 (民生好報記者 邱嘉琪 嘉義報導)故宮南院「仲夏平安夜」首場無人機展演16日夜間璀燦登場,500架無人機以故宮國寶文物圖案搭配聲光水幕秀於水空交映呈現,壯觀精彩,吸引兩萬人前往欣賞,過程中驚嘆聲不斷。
--
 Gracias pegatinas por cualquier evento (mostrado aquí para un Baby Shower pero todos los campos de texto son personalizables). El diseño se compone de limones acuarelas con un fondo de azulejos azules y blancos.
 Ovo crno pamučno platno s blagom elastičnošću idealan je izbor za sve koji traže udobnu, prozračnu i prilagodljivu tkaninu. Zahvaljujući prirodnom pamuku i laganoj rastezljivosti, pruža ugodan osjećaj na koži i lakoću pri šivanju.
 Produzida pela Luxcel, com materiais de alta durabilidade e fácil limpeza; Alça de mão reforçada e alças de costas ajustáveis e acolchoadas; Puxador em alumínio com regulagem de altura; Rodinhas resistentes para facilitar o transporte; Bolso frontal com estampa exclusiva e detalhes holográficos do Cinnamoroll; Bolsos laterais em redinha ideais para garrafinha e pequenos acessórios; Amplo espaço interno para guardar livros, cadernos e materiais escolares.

▸ The problem
Only the lines from the one containing "Ovo crno pamučno" through the one containing "Produzida pela Luxcel, com" are to be retyped, both boundary lines included, with no other material.

▸ Completed task
 Ovo crno pamučno platno s blagom elastičnošću idealan je izbor za sve koji traže udobnu, prozračnu i prilagodljivu tkaninu. Zahvaljujući prirodnom pamuku i laganoj rastezljivosti, pruža ugodan osjećaj na koži i lakoću pri šivanju.
 Produzida pela Luxcel, com materiais de alta durabilidade e fácil limpeza; Alça de mão reforçada e alças de costas ajustáveis e acolchoadas; Puxador em alumínio com regulagem de altura; Rodinhas resistentes para facilitar o transporte; Bolso frontal com estampa exclusiva e detalhes holográficos do Cinnamoroll; Bolsos laterais em redinha ideais para garrafinha e pequenos acessórios; Amplo espaço interno para guardar livros, cadernos e materiais escolares.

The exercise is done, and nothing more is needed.